_GIVEN DATA_
Content starts

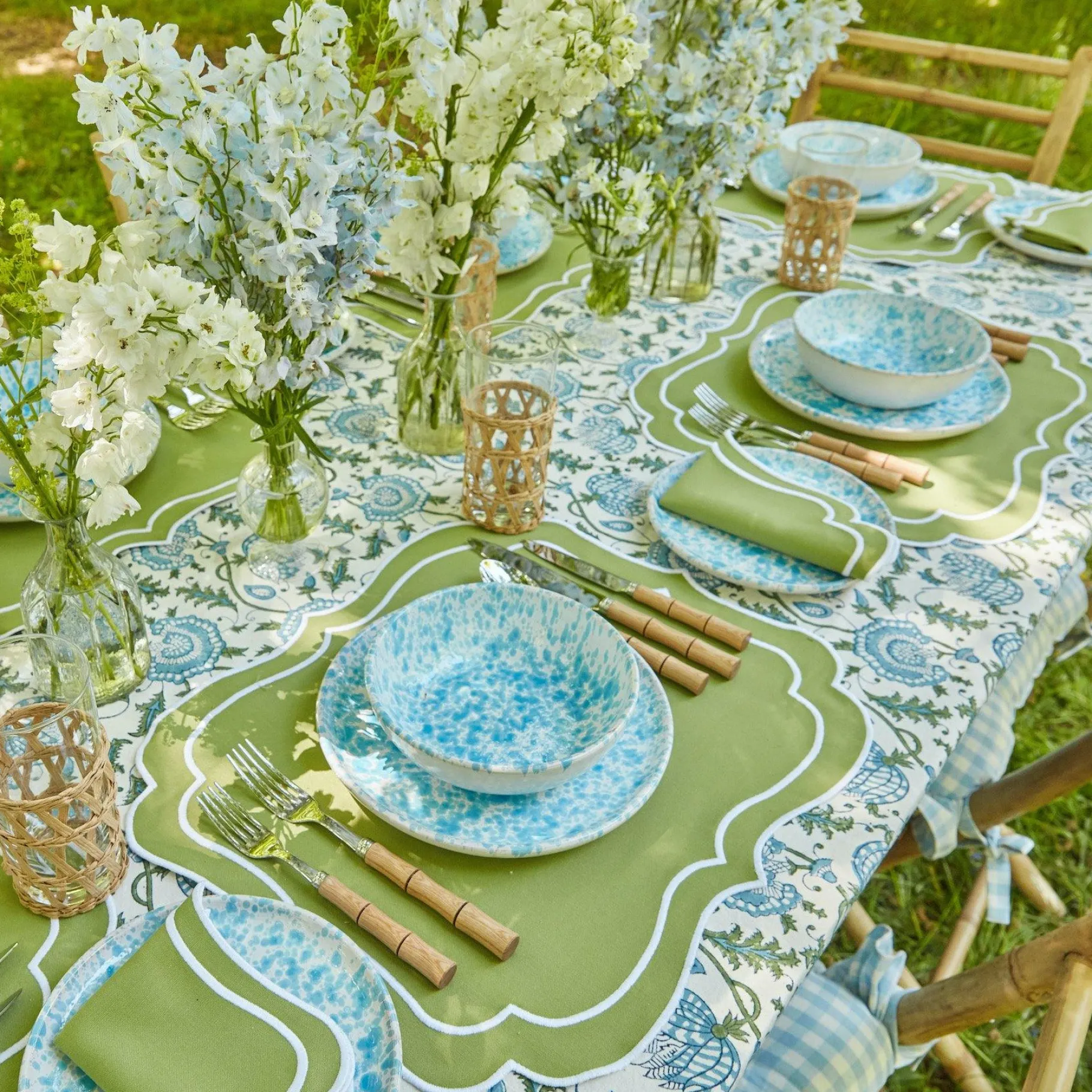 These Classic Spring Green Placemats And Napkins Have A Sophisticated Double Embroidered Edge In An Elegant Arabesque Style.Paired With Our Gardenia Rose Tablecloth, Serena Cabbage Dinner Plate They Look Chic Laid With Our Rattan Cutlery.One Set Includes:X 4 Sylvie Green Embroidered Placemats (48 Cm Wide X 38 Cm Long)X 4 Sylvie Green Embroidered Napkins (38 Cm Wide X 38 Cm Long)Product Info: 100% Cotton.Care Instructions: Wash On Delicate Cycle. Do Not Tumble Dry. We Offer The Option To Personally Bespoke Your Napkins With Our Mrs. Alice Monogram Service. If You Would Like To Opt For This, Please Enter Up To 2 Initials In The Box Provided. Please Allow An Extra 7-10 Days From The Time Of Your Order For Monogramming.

Content ends
Content starts

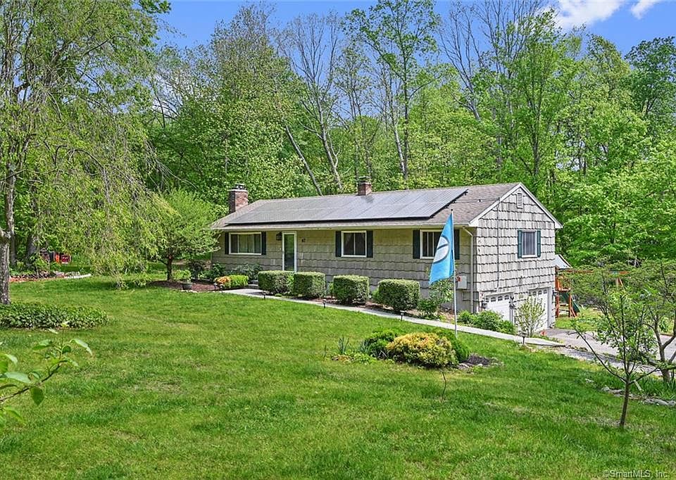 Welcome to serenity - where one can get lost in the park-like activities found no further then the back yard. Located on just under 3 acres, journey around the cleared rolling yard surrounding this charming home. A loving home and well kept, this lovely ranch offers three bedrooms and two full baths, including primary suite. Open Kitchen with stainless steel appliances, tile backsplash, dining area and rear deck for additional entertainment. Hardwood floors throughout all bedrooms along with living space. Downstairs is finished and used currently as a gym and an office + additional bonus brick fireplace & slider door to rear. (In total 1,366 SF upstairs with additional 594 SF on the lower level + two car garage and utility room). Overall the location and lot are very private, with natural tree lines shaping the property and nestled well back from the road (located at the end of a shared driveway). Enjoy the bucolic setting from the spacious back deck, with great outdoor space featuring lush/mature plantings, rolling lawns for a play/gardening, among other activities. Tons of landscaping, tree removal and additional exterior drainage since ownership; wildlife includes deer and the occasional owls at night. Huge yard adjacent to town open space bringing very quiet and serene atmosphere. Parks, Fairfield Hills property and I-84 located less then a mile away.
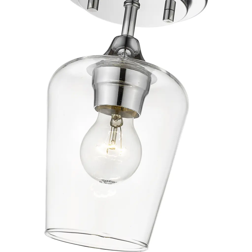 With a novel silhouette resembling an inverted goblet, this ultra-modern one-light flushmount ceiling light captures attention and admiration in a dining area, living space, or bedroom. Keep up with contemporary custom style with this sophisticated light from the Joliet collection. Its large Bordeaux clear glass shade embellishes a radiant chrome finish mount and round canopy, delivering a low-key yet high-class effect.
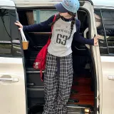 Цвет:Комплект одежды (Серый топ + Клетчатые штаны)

Content ends

Quote word for word only the lines above from the one containing "With a novel" through the one containing "Цвет:Комплект одежды (Серый". Pictures stay out of your copy.

 With a novel silhouette resembling an inverted goblet, this ultra-modern one-light flushmount ceiling light captures attention and admiration in a dining area, living space, or bedroom. Keep up with contemporary custom style with this sophisticated light from the Joliet collection. Its large Bordeaux clear glass shade embellishes a radiant chrome finish mount and round canopy, delivering a low-key yet high-class effect.
 Цвет:Комплект одежды (Серый топ + Клетчатые штаны)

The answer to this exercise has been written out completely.